The “Shark’s” wallet was drained of US dollar-pegged stablecoins, staked ETH (stETH), SuperRare (RARE) tokens, and some Ethereum Name Service (ENS) domains, transaction history from Etherscan shows.
Wazz later suspected that Cuban may have been just moving assets around after some $2 million worth of USDC was withdrawn and sent to a different wallet.
Cuban, who onlookers suggested was likely alerted of the transactions, then managed to save over $2.5 million worth of Polygon (MATIC) after transferring them to a Coinbase exchange address.

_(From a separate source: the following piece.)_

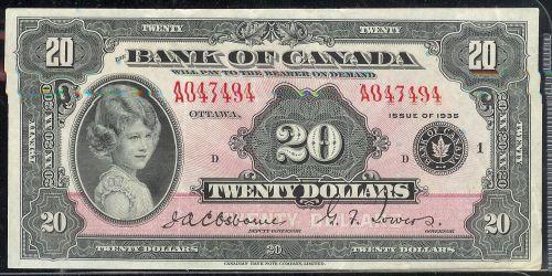 BC-9a 1935 $20 English text "Large seal" A047494, About EF, Clean and bright. Scarce in this grade.
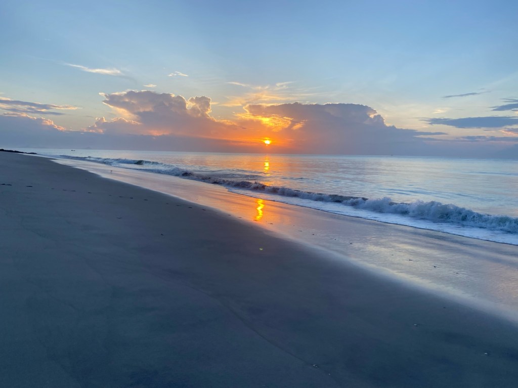 I walk near the waves where the sand is slightly more firm. I watch the sunrise each morning, I note where the fishing boats are (so that I don’t swim there later..I cannot stand the thought of fish swimming around me), I listen to the waves crashing. Then when I get to the rocks at the end, I turn around. While I have my morning zen, Harold usually runs around like a maniac. He chases birds, goes for a swim, sprints directly at other morning dog walkers (which is terrifying to them but he just sniffs and then sprints directly back to me), he rolls in the sand, pounces near hermit crabs. He is living his best life.

The attack seemingly stemmed from a fake Metamask wallet that Cuban downloaded. In a statement to DL News, Cuban confirmed he had lost $870,000 after he had gone on MetaMask “for the first time in months.” He suggested that the application he used may have had malicious intent. He said he had searched for Circle on Google and not MetaMask.
Fake MetaMask extensions or applications are not unheard of. Over the years, fraudsters have used these fake platforms to trick users into providing their private keys or seed phrases to gain access and drain users’ cryptocurrency wallets.
This was not the first time the billionaire had losses in crypto. In 2021, Cuban, an active investor in decentralized finance (DeFi), lost an unspecified amount of capital on what he called a “rug pull” after the algorithmic stablecoin project Iron Finance collapsed amid a supposed bank run.
This month has been marked by several high-profile crypto scams and hacks, including the $41 million drained from online crypto casino Stake.com on Sept. 4. Hong Kong-based cryptocurrency exchange CoinEx then fell victim to a hack involving more than $50 million worth of assets a week later.
Meanwhile, Ethereum co-founder Vitalik Buterin’s X account was compromised in a phishing attack on Sept. 10. The perpetrators used Buterin’s reach to lure unwitting users through a post that contained a phishing link, running off with around $700,000.